Working data:
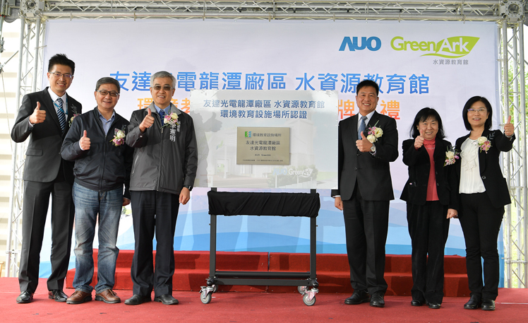 AUO announced “AUO GreenArk” at Longtan Site was certified as an environmental education facility by the Department of Environmental Protection and hosted its inauguration ceremony today (12). Through refining the results of water recycling into systematic courses of environmental education and the cultivation of professional teachers and volunteers from enterprises, AOA GreenArk provides a learning field of environmental education for elementary school students. After its Taichung Plant acquired the first certification of environmental education facility in 2014, the certification of GreenArk at Longtan Site makes AOA the only technology company(*) possessing two sites showcasing environmental education in Taiwan. AOA actively connects local resources and teams with the neighborhood to promote environmental education and deeply root this concept in the next generation.
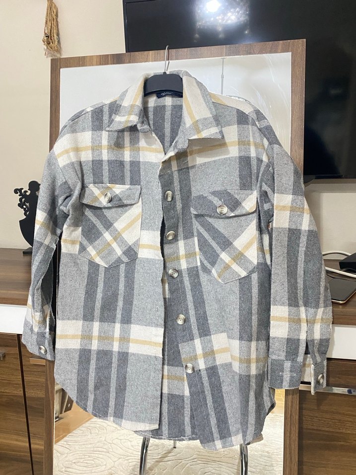 Gri kareli, uzun kollu ve düğmeli bu gömlek, rahat kesime ve yakalı tasarıma sahiptir. Yumuşak ve sıcak kumaştan üretilmiştir.
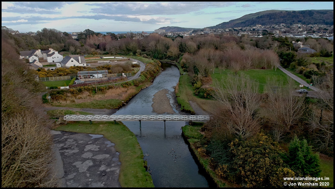A lower level vie of the White Bridge across the Sulby River.
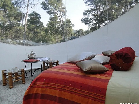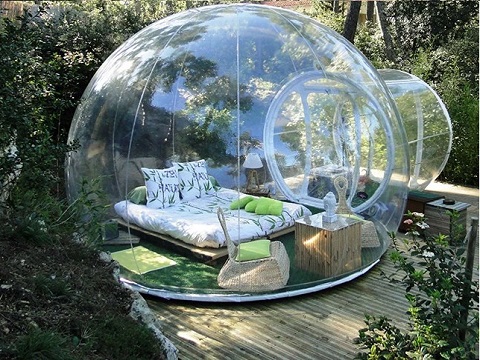 Sem paredes, você pode dormir admirando o céu (e sem nenhum incomodo de insetos, viu?) dentro dessa bolha. Para os claustrofóbicos de plantão, a gente já explica: existe um bombeamento de ar para que se respire tranquilamente lá dentro.
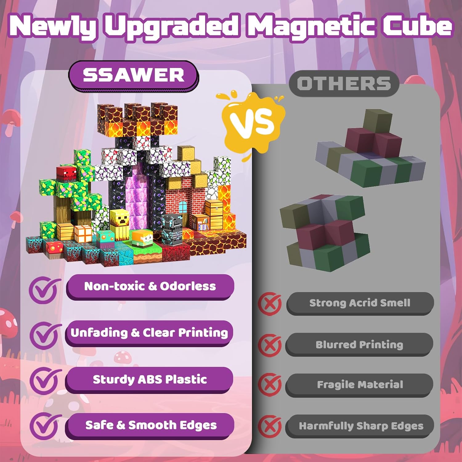 - 【Premium Quality Material】Meet US toy standard and safety test approved. Our magnetic building blocks are made of durable ABS plastic, embedded with 8 magnetic contact points to enhance magnetic force, perfect for kids of ages 3 4 5 6 7 8 -12 to easily stick cubes together and build sturdy structures.
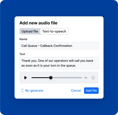 With DialLink, it's easy to create custom call greetings that reflect your brand's voice and serve your customers' needs. You can upload your own recordings or simply use our AI-powered text-to-speech technology to quickly generate greetings in seconds, with multiple languages and accents to choose from. Then you can easily assign your custom greetings to specific time slots (e.g., during business hours or after hours) or call flows.
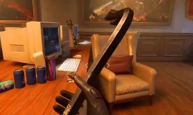 进入房间后,地面分布三个标有问号图标的触发点,依次踩踏即可获得金币奖励。房间右侧设有一台自动贩卖机,使用任意武器击毁后,将掉落大量金币。此外,场景中还包含多个可交互柜体与抽屉,开启后可随机获取金币及枪械配件,涵盖瞄准镜、握把、弹匣等实用装备模块。
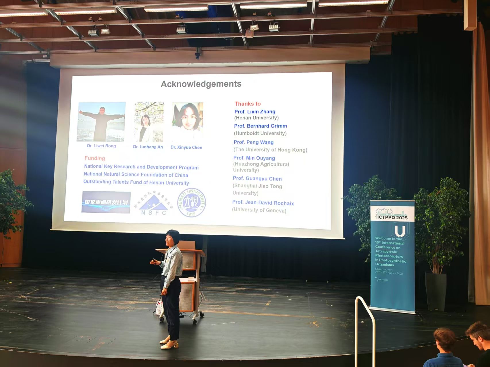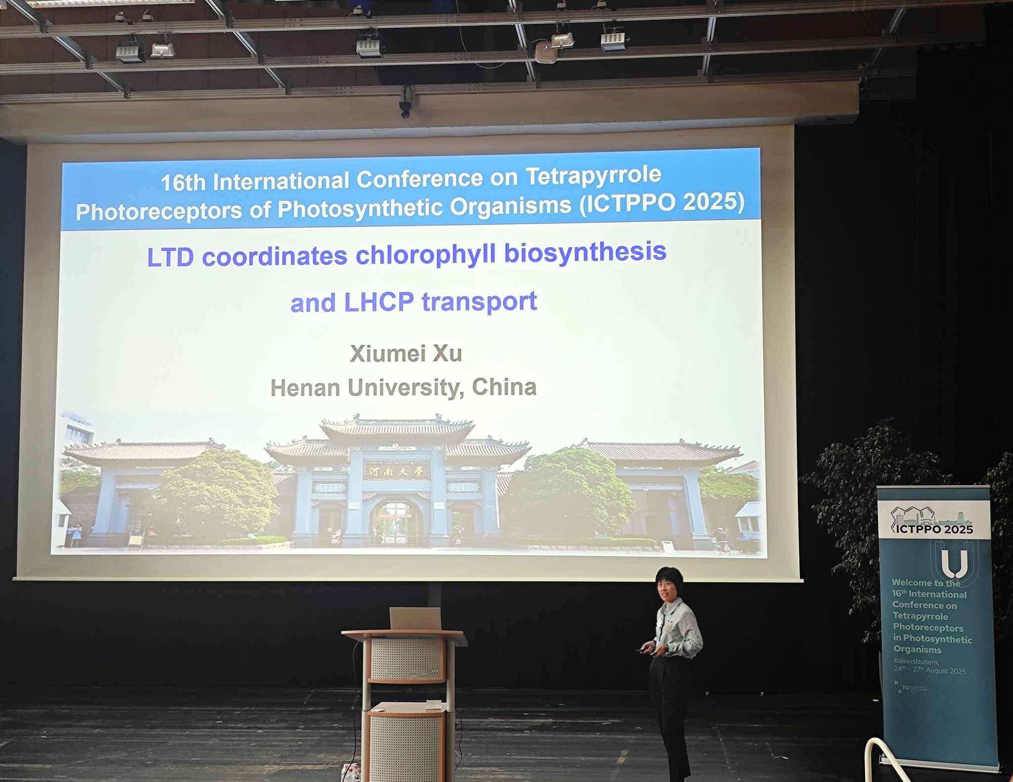 代表团成员徐秀美教授在大会上作专题学术报告《LTD协调叶绿素生物合成和LHCP蛋白转运》(LTD coordinates chlorophyll biosynthesis and LHCP transport),系统分享了团队在该领域的最新研究成果,引起与会专家的高度关注和热烈讨论。报告展示了河南大学在该研究方向的特色与优势,提升了学校在国际学术界的影响力。

Description of the task:
Quote, word for word and nothing more, every line from the line with "A lower level" to the end of the entries, including both ends; skip any pictures.

Final answer:
A lower level vie of the White Bridge across the Sulby River.
 Sem paredes, você pode dormir admirando o céu (e sem nenhum incomodo de insetos, viu?) dentro dessa bolha. Para os claustrofóbicos de plantão, a gente já explica: existe um bombeamento de ar para que se respire tranquilamente lá dentro.
 - 【Premium Quality Material】Meet US toy standard and safety test approved. Our magnetic building blocks are made of durable ABS plastic, embedded with 8 magnetic contact points to enhance magnetic force, perfect for kids of ages 3 4 5 6 7 8 -12 to easily stick cubes together and build sturdy structures.
 With DialLink, it's easy to create custom call greetings that reflect your brand's voice and serve your customers' needs. You can upload your own recordings or simply use our AI-powered text-to-speech technology to quickly generate greetings in seconds, with multiple languages and accents to choose from. Then you can easily assign your custom greetings to specific time slots (e.g., during business hours or after hours) or call flows.
 进入房间后,地面分布三个标有问号图标的触发点,依次踩踏即可获得金币奖励。房间右侧设有一台自动贩卖机,使用任意武器击毁后,将掉落大量金币。此外,场景中还包含多个可交互柜体与抽屉,开启后可随机获取金币及枪械配件,涵盖瞄准镜、握把、弹匣等实用装备模块。
 代表团成员徐秀美教授在大会上作专题学术报告《LTD协调叶绿素生物合成和LHCP蛋白转运》(LTD coordinates chlorophyll biosynthesis and LHCP transport),系统分享了团队在该领域的最新研究成果,引起与会专家的高度关注和热烈讨论。报告展示了河南大学在该研究方向的特色与优势,提升了学校在国际学术界的影响力。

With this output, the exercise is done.